On a recent trip to Sydney, I was shocked to come across the One Direction Official Merchandise Store in Pitt Street. Teenage girls were lining out the door to purchase t-shirts, shopping bags and badges adorned with the mugs of the Liams. You could even buy the complete doll set of the group for $200. I’m sure the store is a nice little earner for someone, probably One Direction’s manager. As far as I’m concerned, it would have been much more efficient to simply erect a big sign in front of the shop saying, “Attention teenyboppers, please drop your parents’ hard earned cash here.”

Apparently tickets for One Direction’s upcoming Australian arena tour have been selling like there’s no tomorrow. Most of the concerts are sold out and tickets have been appearing on ebay with huge mark-ups. If you are lucky enough to have acquired tickets, my advice is to sell, sell, sell. You see, the concert tour is scheduled for September 2013. That’s right, sixteen months from now.

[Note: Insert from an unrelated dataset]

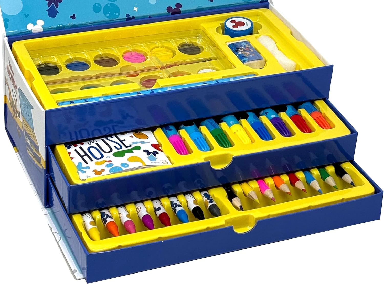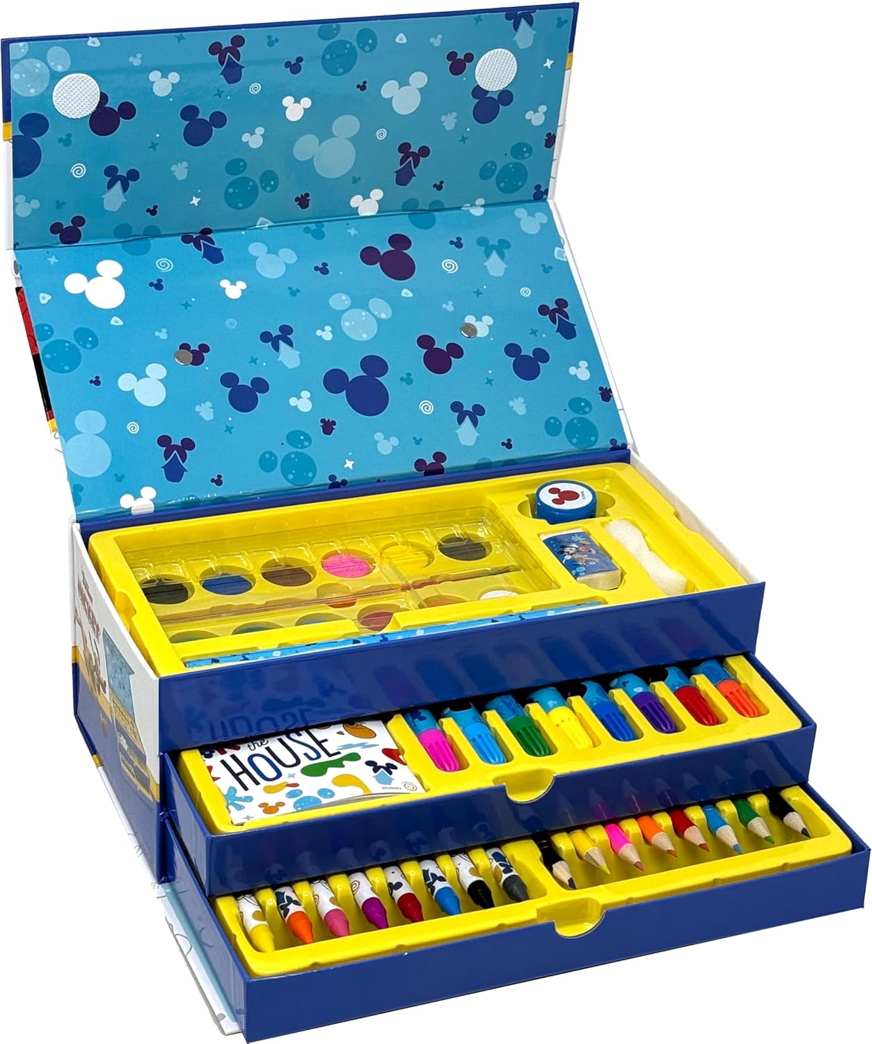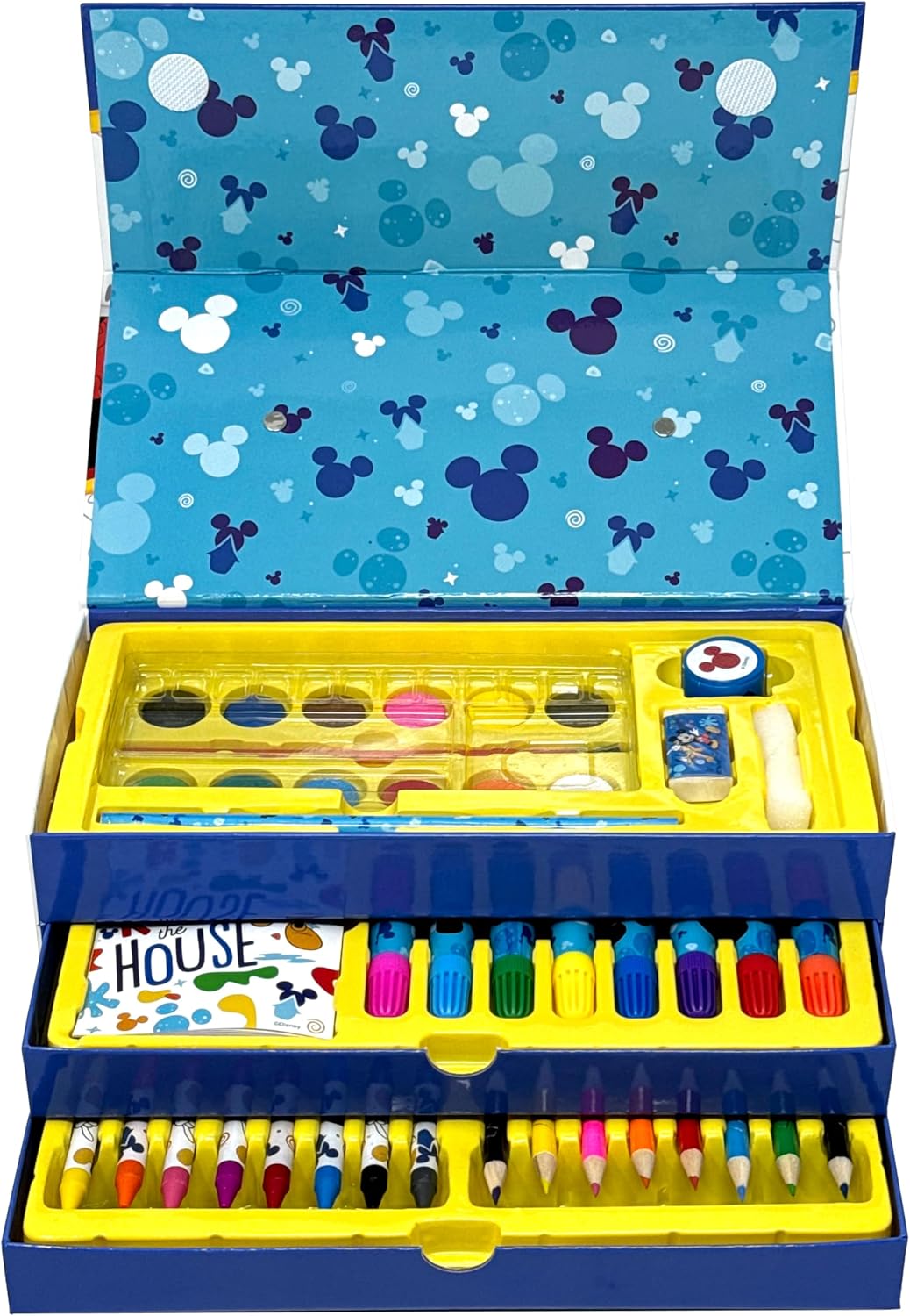 Prodotto con licenza ufficiale. Una carinissima valigetta colori con manico per portarla e usarla ovunque. Più modelli tra cui scegliere. Completo di 52 pezzi, sistemati nei tre diversi comparti: nel ripiano in alto troverete 12 tinte di acquerelli miscelabili nella tavolozza in plastica corredata, 1 pennello e 1 spugnetta, 1 matita, 1 temperamatite e 1 gomma. Nel primo cassetto ci sono 8 pennarelli e 10 disegni raccolti in un album da colorare; nel secondo cassetto sono sistemati 8 pastelli a cera e 8 matite colorate. Dalla scuola al tempo libero, questo kit da disegno è perfetto per ogni avventura creativa! La valigetta ha tutto il necessario per creare disegni, scarabocchi e sperimentare nuove tecniche divertenti ed è il regalo ideale per compleanni, Natale e ogni occasione speciale. Dimensioni scatola: 26 x 13,5 x 9,5 cm.
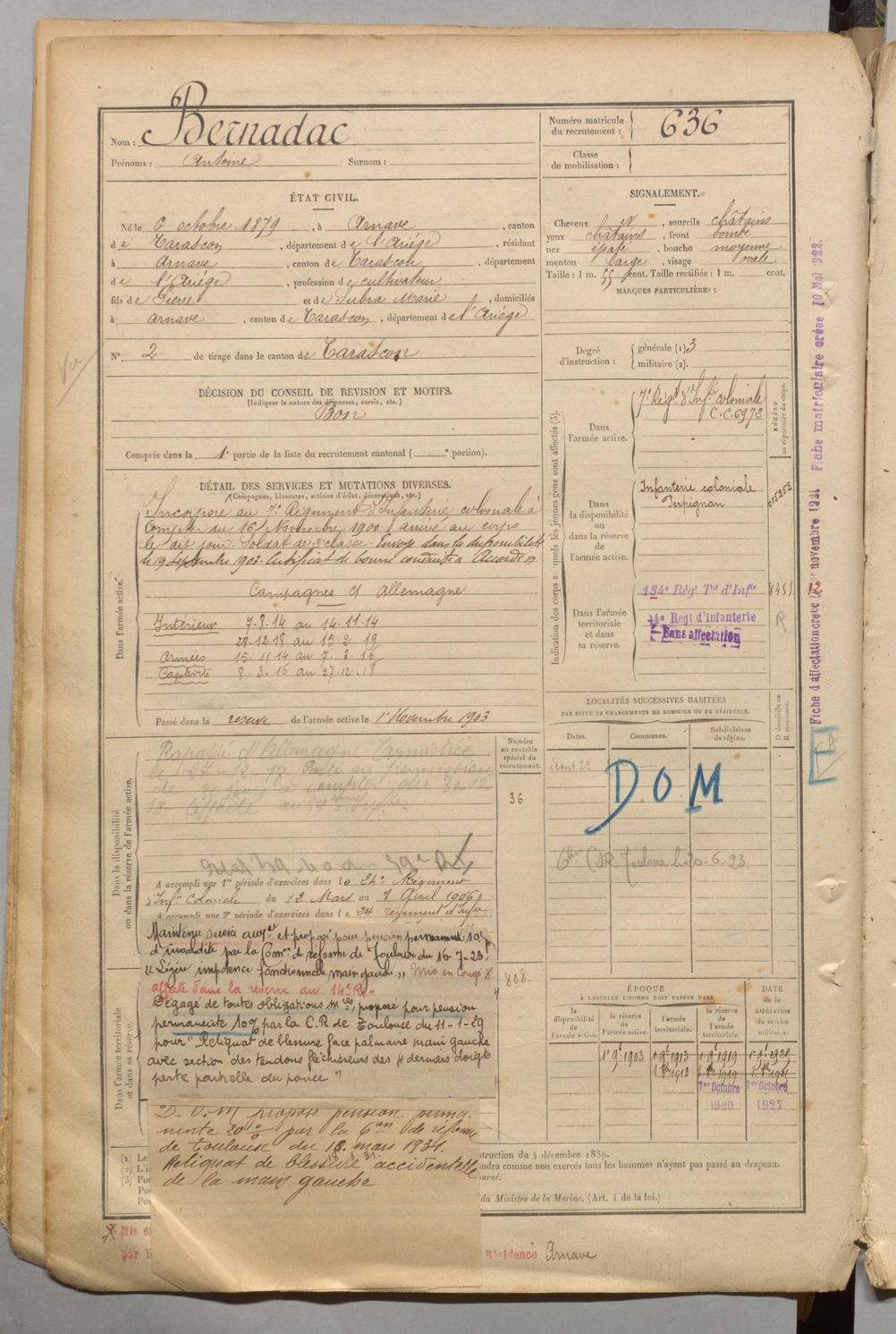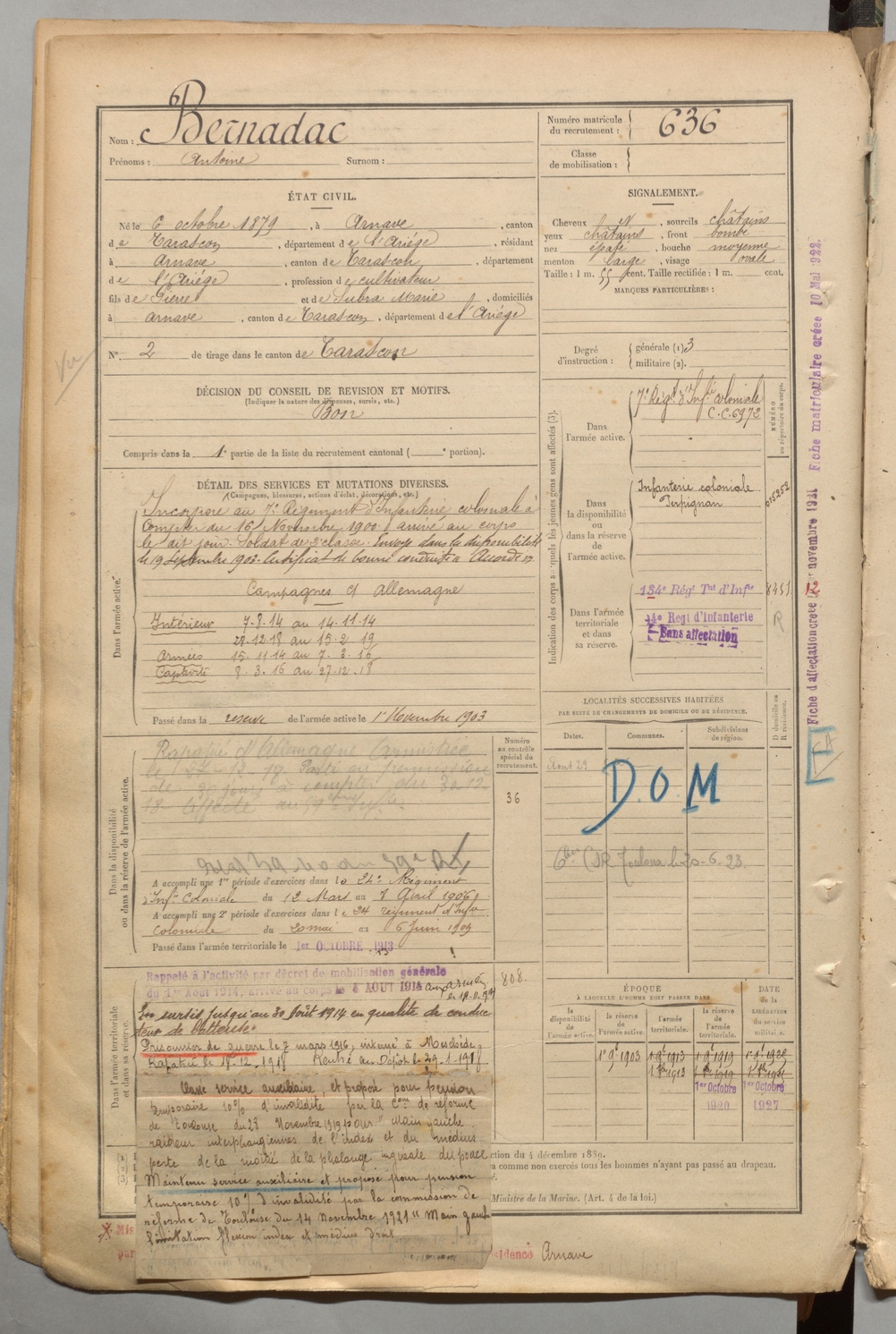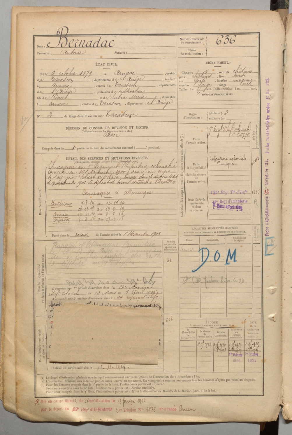 | Bernadac | Antoine | FOIX | 1 R 457 | 1899 | Arnave | Arnave | 636 |

Having survived the musical fads that were New Kids on the Block, Hanson, Backstreet Boys, Girlfriend, Bros, Milli Vanilli, Spice Girls, B*Witched and Daryl Somers, I’m pretty sure that the average peak popularity of these groups is less than a year. I did manage to avoid Bieber fever because I got vaccinated.

Whoever is pulling the strings on One Direction’s marketing is a genius. Make a fortune selling tickets now for concerts so far ahead in the future that it’s most likely that fans would have moved on to the next big thing by then. Trust me girls, list your precious tickets on ebay now because you’ll probably be giving them away next year. Use your profits to buy shares in a boyband marketing company.

It won’t be so bad for the Liams when One Direction inevitably fade into obscurity. They’ll still be young enough to go back and finish school. Primary school, that is.